I quoted it because the diving training agencies are not held in very high esteem in most circles I travel in — recreational, commercial, or military. Citing them as authorities isn’t a very convincing argument.

See part two:
 
Continued

… A legitimate agency has to have insurance. It can't just get scuba insurance by sending in a check. The insurance company will check to make sure the agency has legitimacy, and in doing so it will check its standards. I know that when UTD was formed, it had trouble convincing its insurer that its OW course was insurable because it did not include CESA.

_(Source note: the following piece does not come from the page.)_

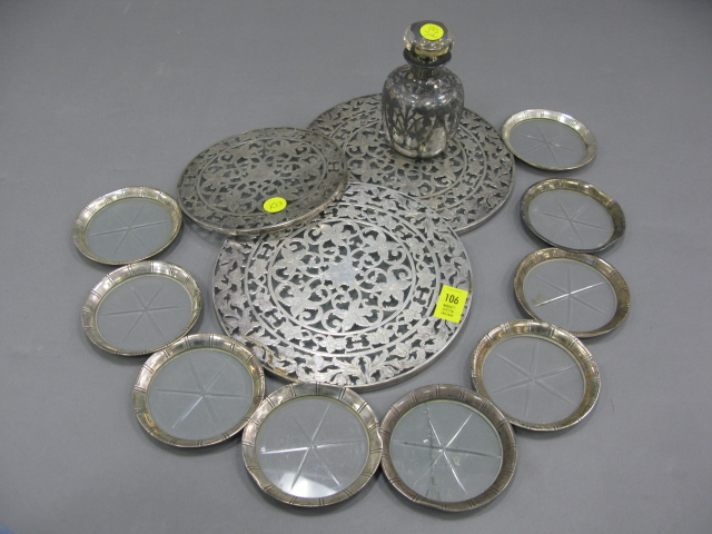 Sterling silver & glass lot including 3 pot stands & an overlay cologne bottle with stopper and several coasters with sterling rims

I appreciate that. However that can be just as much a hindrance to good training and safe diving as an advantage. It is certainly an impediment to progress. Insurance is about actuaries and financial risk analysis, not underwater operations risk analysis. The same problem exists in the commercial offshore diving environment supplemented by a healthy dose of eye-watering operating costs. That results in a huge incentive to do things the same way they were the last time instead of finding a safer and/or more efficient way.

I also appreciate that some types of diving are too unusual to justify a course or make money at teaching. Most of all, modern training agencies tend to adopt the lower common denominators. They are the last to teach innovation, methods to extend limits, or develop them. That isn’t their business model.

That does not mean that divers will not have a reason to perform dives outside of sanctioned conventions. It does not matter if the reason is fun, profit, or an adrenalin rush. What matters is these dives have, are, and will continue to be performed around the world. There are plenty of old limits from decades ago that we have blown past and are consider normal today. There are plenty that are outside my personal acceptable risk level.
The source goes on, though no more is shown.